## Task item:
Repeat every line of the data exactly, but not the pictures.

## Data excerpt:
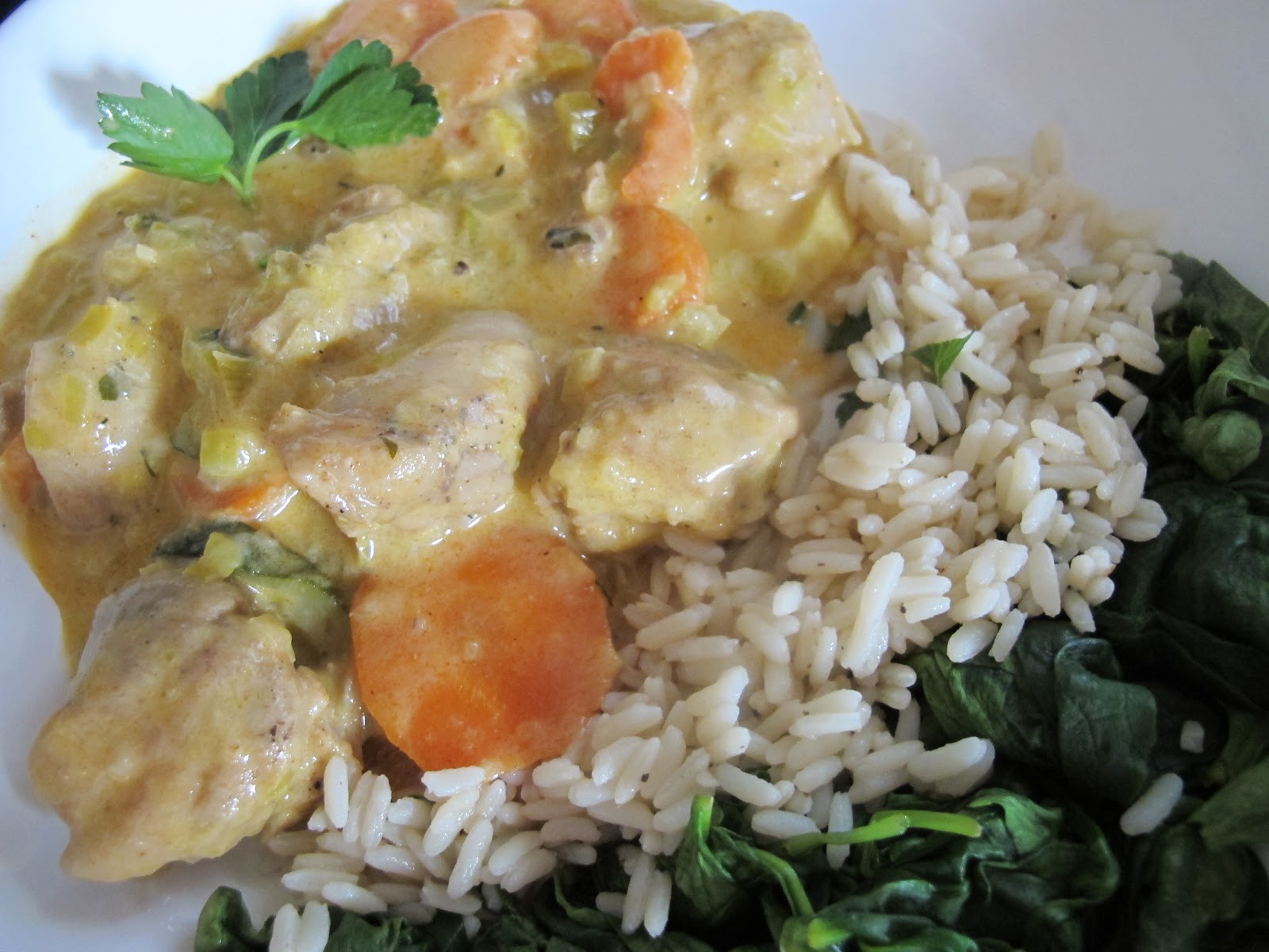 While I seldom blog recipes from other places, this easy chicken stew from Bon Appétit is luscious and makes a quick change from my typical winter beef or lamb stews. I’ve made it a time or two for friends, fixing it mostly beforehand, adding the cream right before serving. A scoop of rice and some fresh, sauteéd spinach make for a healthier and well-rounded meal and even lowers the price per serving. However, not to fear: this recipe uses inexpensive chicken thighs to start with.
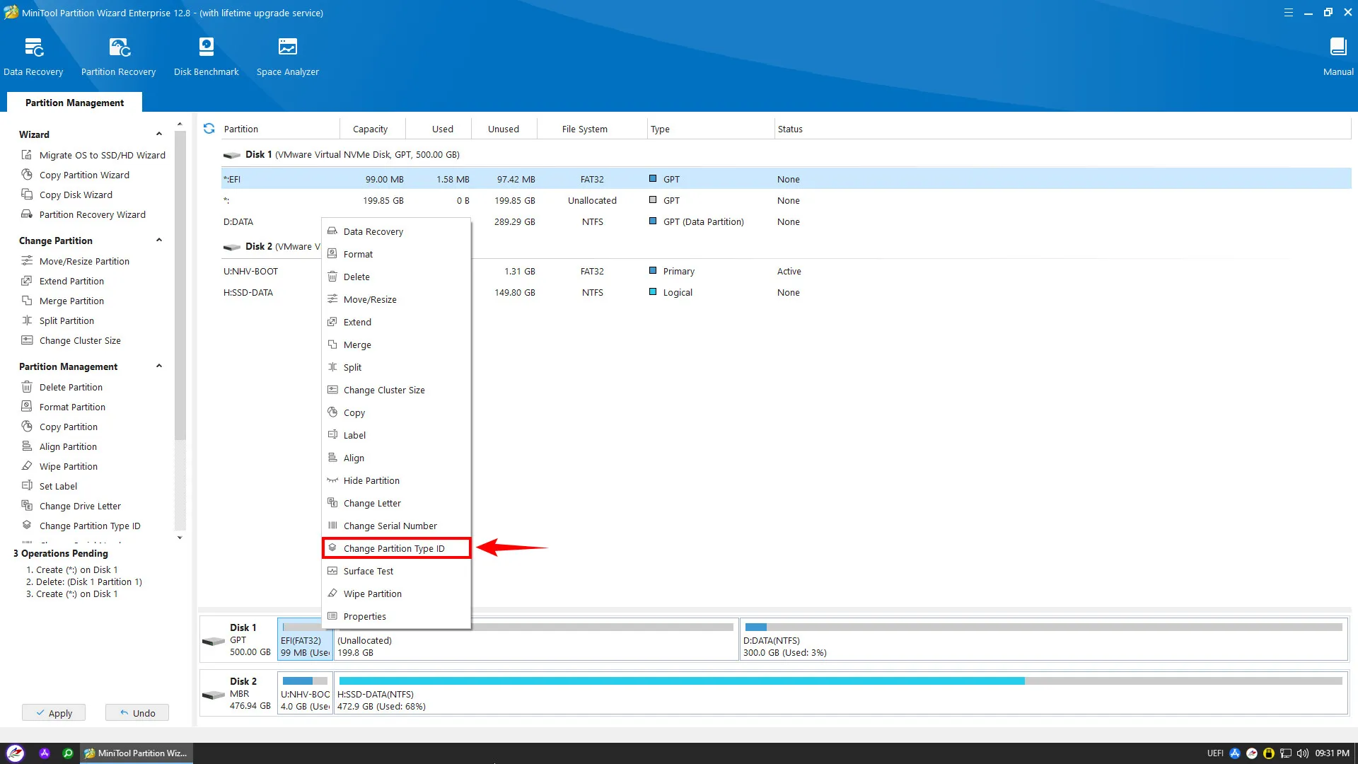 Điểm mấu chốt để máy nhận diện phân vùng khởi động là ID định danh. Bạn chuột phải vào phân vùng EFI vừa tạo, chọn “Change Partition Type ID”.
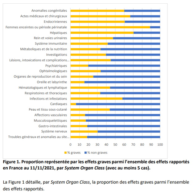 - Le tableau ci-dessous provient de l’Agence nationale française du sécurité du médicament, l’ANSM (qu’on ne peut accuser de surévaluer les dangers de la vaccination en tant qu’administration aux ordres de Macron) : 132 892 effets indésirables dus aux vaccins en France sur la seule année 2021, sachant qu’il n’y a pratiquement pas eu de vaccination jusqu’en avril 2021. A comparer aux 123 000 décès attribués au Covid depuis deux ans. Le quart est jugé grave par l’ANSM, soit 28 000 cas graves ! Cette proportion de cas graves bondit à 28 % sur les seuls 13 premiers jours de janvier 2022 (et même à 30 % pour BioNTech et Pfizer) ! Devinez pourquoi… Vous pouvez vous-même consulter ces données ici : https://ansm.sante.fr/uploads/2022/01/21/20211220-vaccins-covid-19-fiche-de-synthese-ansm-vf.pdf en n’oubliant pas qu’il s’agit de chiffres officiels. Comme on l’a vu au chapitre 1 sur la corruption pharmaceutique, il est très facile de biaiser une enquête. Nous avons peut-être sous les yeux l’arbre qui cache la forêt. L’avenir nous le dira.

## Output for this exercise:
 While I seldom blog recipes from other places, this easy chicken stew from Bon Appétit is luscious and makes a quick change from my typical winter beef or lamb stews. I’ve made it a time or two for friends, fixing it mostly beforehand, adding the cream right before serving. A scoop of rice and some fresh, sauteéd spinach make for a healthier and well-rounded meal and even lowers the price per serving. However, not to fear: this recipe uses inexpensive chicken thighs to start with.
 Điểm mấu chốt để máy nhận diện phân vùng khởi động là ID định danh. Bạn chuột phải vào phân vùng EFI vừa tạo, chọn “Change Partition Type ID”.
 - Le tableau ci-dessous provient de l’Agence nationale française du sécurité du médicament, l’ANSM (qu’on ne peut accuser de surévaluer les dangers de la vaccination en tant qu’administration aux ordres de Macron) : 132 892 effets indésirables dus aux vaccins en France sur la seule année 2021, sachant qu’il n’y a pratiquement pas eu de vaccination jusqu’en avril 2021. A comparer aux 123 000 décès attribués au Covid depuis deux ans. Le quart est jugé grave par l’ANSM, soit 28 000 cas graves ! Cette proportion de cas graves bondit à 28 % sur les seuls 13 premiers jours de janvier 2022 (et même à 30 % pour BioNTech et Pfizer) ! Devinez pourquoi… Vous pouvez vous-même consulter ces données ici : https://ansm.sante.fr/uploads/2022/01/21/20211220-vaccins-covid-19-fiche-de-synthese-ansm-vf.pdf en n’oubliant pas qu’il s’agit de chiffres officiels. Comme on l’a vu au chapitre 1 sur la corruption pharmaceutique, il est très facile de biaiser une enquête. Nous avons peut-être sous les yeux l’arbre qui cache la forêt. L’avenir nous le dira.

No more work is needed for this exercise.